To address this limitation, LiveONLY™ Nuclear Green and LiveONLY™ Nuclear Red were developed as selective live-cell nuclear dyes that generate signal exclusively in viable cells. These dyes provide clear nuclear labeling without fluorescence in fixed or membrane-compromised cells, reducing background interference and enhancing data clarity. Their live-cell exclusivity eliminates the need for counterstains or viability gates, supporting robust imaging performance across diverse assay formats.

HeLa cells were cultured in Dulbecco's Modified Eagle Medium (DMEM) supplemented with 10% fetal bovine serum (FBS) and 1% antibiotic solution (100 U/mL penicillin and 100 µg/mL streptomycin). Cells were maintained at 37°C in a humidified atmosphere containing 5% CO₂.

Cells were incubated with 1X working solution of either LiveONLY™ Nuclear Red (Cat. No. 17688, AAT Bioquest) or LiveONLY™ Nuclear Green (Cat. No. 17687, AAT Bioquest) prepared in HHBS (Cat. No. 20011, AAT Bioquest). The staining solution was added directly to the wells and incubated for 15-30 minutes at 37 °C, protected from light. The cells were co-stained with spectrally distinct mitochondrial stains, MitoDNA™ Green 530 (Cat. No. 22685, AAT Bioquest) or CytoFix Red Mitochondrial Stain (Cat. No. 23200, AAT Bioquest). The experiment was performed on live cells and 4% PFA fixed cells.

Imaging was performed using a Keyence BZ-X fluorescence microscope equipped with standard filter sets. FITC and TRITC filters were used to detect LiveONLY™ Nuclear Green and LiveONLY™ Nuclear Red, respectively. For mitochondrial co-staining, MitoDNA™ Green 530 was imaged using a GFP/FITC filter, while Cytofix Red Mitochondrial Stain was imaged using the Cy3/TRITC channel. Imaging was conducted on both live and 4% paraformaldehyde (PFA)-fixed cells under identical acquisition settings. Exposure parameters were kept consistent across conditions to allow direct comparison of signal specificity and nuclear selectivity.

Staining with LiveONLY™ Nuclear Green in the presence of a mitochondrial counterstain resulted in bright, selective nuclear fluorescence in live cells. Fixed or dead cells showed strong mitochondrial staining but no nuclear signal, confirming the exclusive activity of the LiveONLY™ dye in viable cells (Figure 2). The green nuclear fluorescence was stable and well-separated from the mitochondrial channel when imaged using FITC filter settings.

In cells co-stained with LiveONLY™ Nuclear Red and a mitochondrial marker, the red nuclear fluorescence was confined to live nuclei, while the mitochondrial signal remained cytoplasmic and intact across all cells. As observed with the green dye, nuclear staining was absent in dead or fixed cells, even when mitochondrial labeling persisted. The red nuclear signal was clearly distinguishable using standard TRITC filters (Figure 3). These results support the dye's suitability for multiplexed live-cell assays where clean separation of organelle-specific signals is required.

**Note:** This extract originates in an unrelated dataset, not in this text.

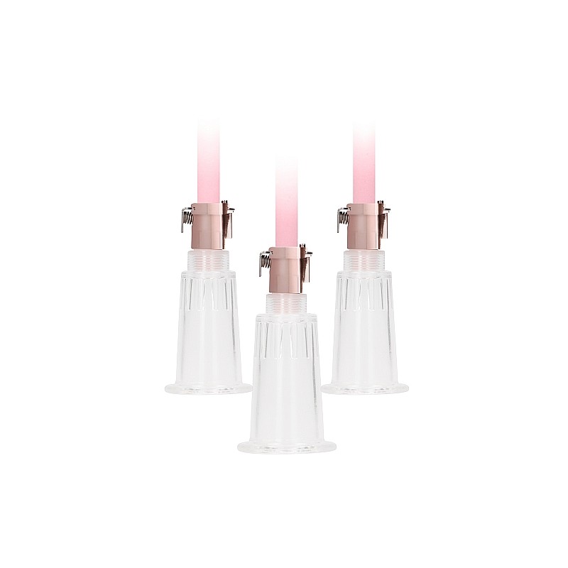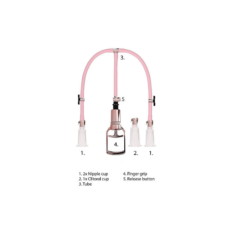 Odczuj stymulację poprzez ssanie dzięki pompce do sutków oraz łechtaczki.skorzystaj z niej, aby zwiększyć czułość łechtaczki lub sutków, zwiększając odczucia płynące z zabawy. Cylinder ten łatwo przymocować do danej strefy erogennej, po .czym nacisnąć pompkę, aby zgromadzić krew w danym obszarze ciała. Poczujesz ssanie, a Twoja łechtaczka zwiększy tymczasowo swoje rozmiary i wrażliwość. Możesz w łatwy sposób zwolnić ciśnienie w cylindrze, naciskając przycisk zwalniający na główce. Możesz też odczepić cylinder z przemysłowego akrylu od pompy za pomocą prostego układu zaciskowego, utrzymującego łechtaczkę wjednej pozycji. Ciesz się wyjątkowymi i zupełnie nowymi odczuciami dzięki prostemu układowi pompowania. „Kompatybilna ze wszystkimi rodzajami lubrykantów. Korzystaj nie dłużej niż 30 minut w przypadku obu piersi. Zestaw wyposażony jest w 3 przyssawki, wąż z 2 końcówkami oraz 1 pompkę ręczną.

The selective staining capability of LiveONLY™ Nuclear Red and LiveONLY™ Nuclear Green enables accurate nuclear visualization exclusively in viable cells, addressing a common limitation observed with many DNA-binding dyes that persist in dead or fixed cells. The absence of nuclear fluorescence in membrane-compromised or PFA-fixed samples demonstrates the dyes' suitability for viability-dependent cellular assays, where distinguishing live from dead populations is crucial.

Co-staining with mitochondrial markers confirmed the spatial separation of nuclear and cytoplasmic compartments. The ability to perform clean, multiplexed imaging without wash steps or viability gating simplifies assay workflows and reduces the need for additional viability dyes or image-based exclusion strategies. These properties make LiveONLY™ dyes especially valuable for real-time cell tracking, cytotoxicity screening, and high-content phenotypic assays. Their compatibility with standard filter sets and easy protocol under live-cell conditions supports seamless integration into both manual and automated imaging platforms. LiveONLY™ Nuclear Red and Green offer a reliable and convenient solution for live-cell nuclear staining with high specificity and minimal background interference.